• _EXTRACTED INFORMATION_
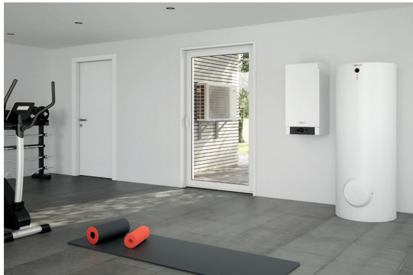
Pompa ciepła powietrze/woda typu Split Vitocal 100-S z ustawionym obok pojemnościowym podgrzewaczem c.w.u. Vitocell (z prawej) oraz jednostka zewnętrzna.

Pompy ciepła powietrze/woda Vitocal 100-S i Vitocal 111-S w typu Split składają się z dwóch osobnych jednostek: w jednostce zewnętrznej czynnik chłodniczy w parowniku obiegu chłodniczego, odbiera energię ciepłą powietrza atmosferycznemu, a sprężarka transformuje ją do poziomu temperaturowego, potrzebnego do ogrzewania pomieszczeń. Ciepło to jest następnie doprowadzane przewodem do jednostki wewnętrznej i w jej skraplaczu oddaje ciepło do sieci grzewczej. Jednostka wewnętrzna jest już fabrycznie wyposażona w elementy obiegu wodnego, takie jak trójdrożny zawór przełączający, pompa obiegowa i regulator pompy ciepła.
---
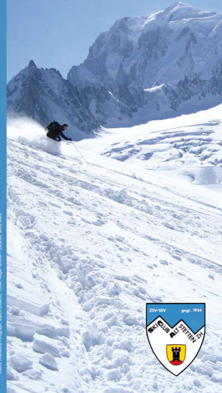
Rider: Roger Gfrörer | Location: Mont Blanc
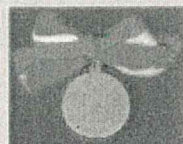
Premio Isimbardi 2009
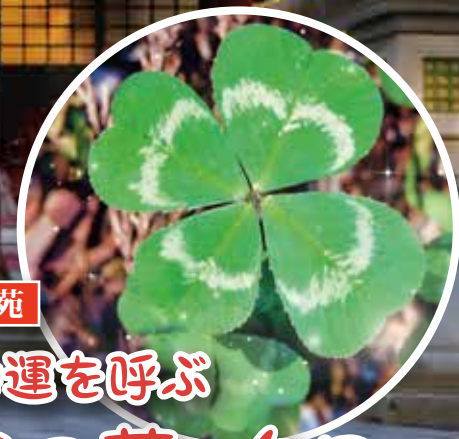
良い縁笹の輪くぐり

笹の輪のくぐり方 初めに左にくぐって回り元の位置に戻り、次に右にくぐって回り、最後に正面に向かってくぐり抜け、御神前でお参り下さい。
---
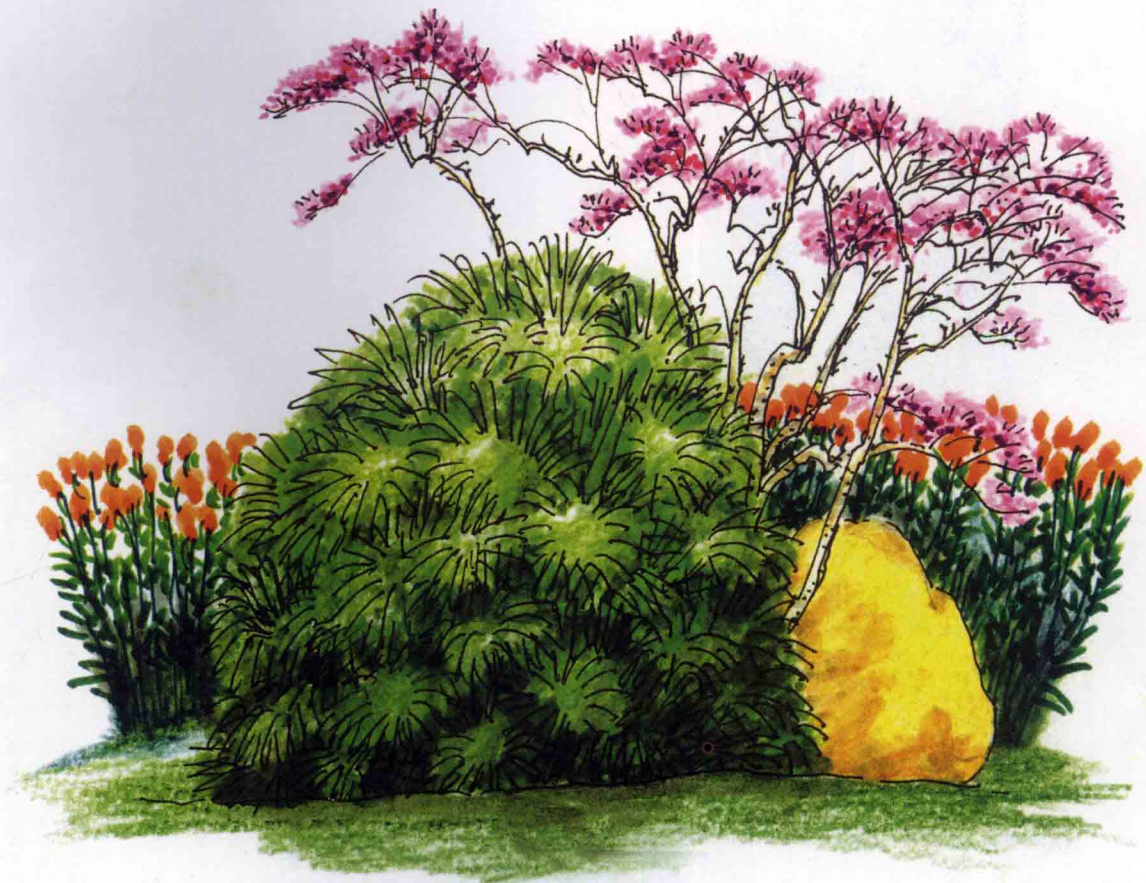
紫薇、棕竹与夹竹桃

• _TRY IT_
The answer should consist only of the lines above from the one with "Rider: Roger Gfrörer | Location: Mont Blanc" through the one with "笹の輪のくぐり方 初めに左に", repeated exactly, with no pictures among them.

• _EXPECTED ANSWER_
Rider: Roger Gfrörer | Location: Mont Blanc
Premio Isimbardi 2009
良い縁笹の輪くぐり

笹の輪のくぐり方 初めに左にくぐって回り元の位置に戻り、次に右にくぐって回り、最後に正面に向かってくぐり抜け、御神前でお参り下さい。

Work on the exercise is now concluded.